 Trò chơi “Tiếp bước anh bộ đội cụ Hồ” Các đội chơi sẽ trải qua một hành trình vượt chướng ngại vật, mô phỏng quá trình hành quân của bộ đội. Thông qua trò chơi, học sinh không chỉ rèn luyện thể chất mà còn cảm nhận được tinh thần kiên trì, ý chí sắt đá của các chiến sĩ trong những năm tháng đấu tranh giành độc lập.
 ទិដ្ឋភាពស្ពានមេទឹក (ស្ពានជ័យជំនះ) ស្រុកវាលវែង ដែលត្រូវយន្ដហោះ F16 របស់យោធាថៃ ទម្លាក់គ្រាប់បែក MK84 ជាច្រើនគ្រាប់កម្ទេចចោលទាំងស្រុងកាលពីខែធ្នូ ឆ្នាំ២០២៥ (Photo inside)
------------------------------------
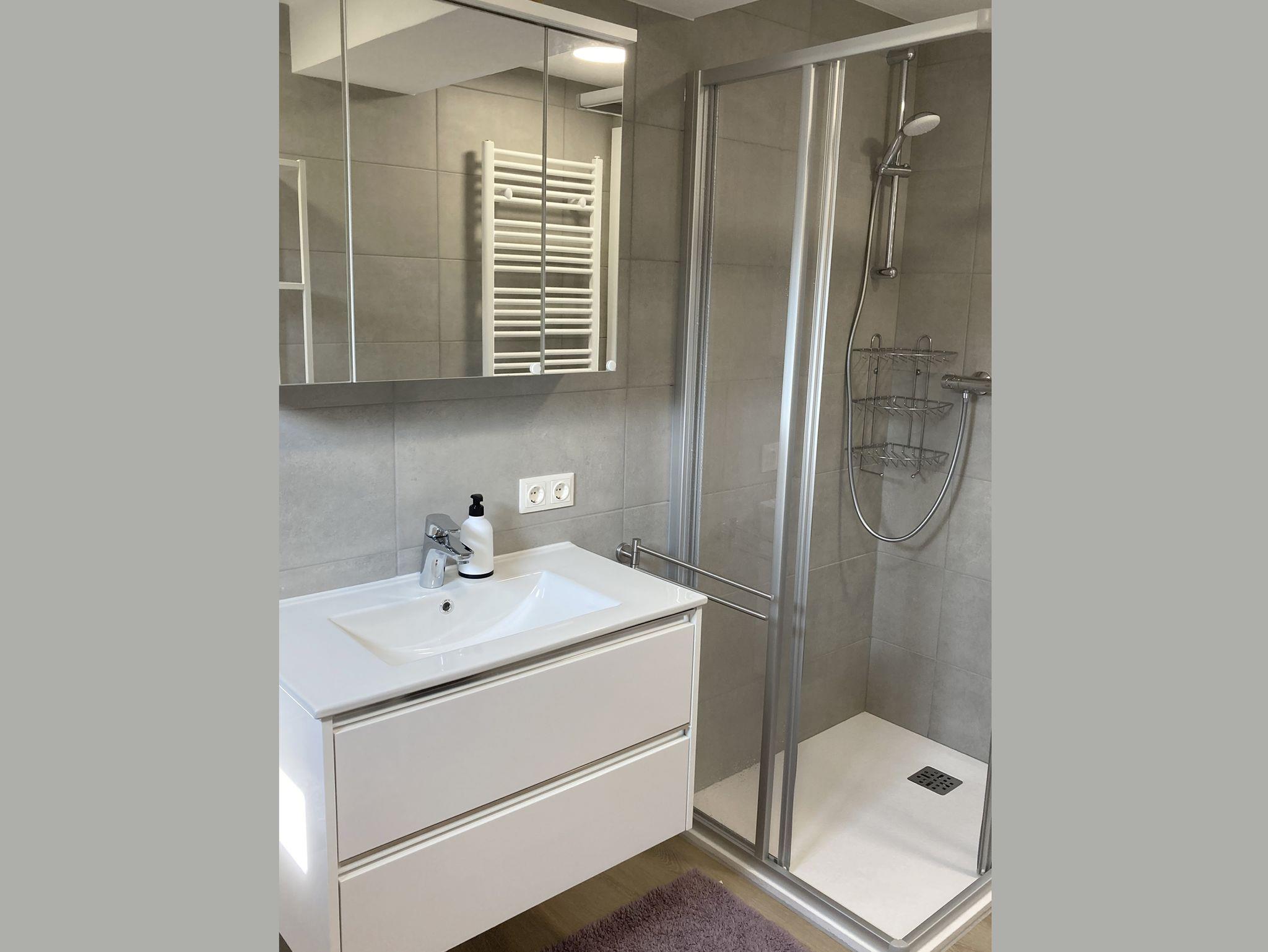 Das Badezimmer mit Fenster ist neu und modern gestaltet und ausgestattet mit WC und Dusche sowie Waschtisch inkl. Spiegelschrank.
------------------------------------
• Exercise brief: Please, from the entries above, set down exactly the lines from the one containing "giành độc lập." through the one containing "ទិដ្ឋភាពស្ពានមេទឹក (ស្ពានជ័យជំនះ) ស្រុកវាលវែង", and only those.

• Exercise solution:
 Trò chơi “Tiếp bước anh bộ đội cụ Hồ” Các đội chơi sẽ trải qua một hành trình vượt chướng ngại vật, mô phỏng quá trình hành quân của bộ đội. Thông qua trò chơi, học sinh không chỉ rèn luyện thể chất mà còn cảm nhận được tinh thần kiên trì, ý chí sắt đá của các chiến sĩ trong những năm tháng đấu tranh giành độc lập.
 ទិដ្ឋភាពស្ពានមេទឹក (ស្ពានជ័យជំនះ) ស្រុកវាលវែង ដែលត្រូវយន្ដហោះ F16 របស់យោធាថៃ ទម្លាក់គ្រាប់បែក MK84 ជាច្រើនគ្រាប់កម្ទេចចោលទាំងស្រុងកាលពីខែធ្នូ ឆ្នាំ២០២៥ (Photo inside)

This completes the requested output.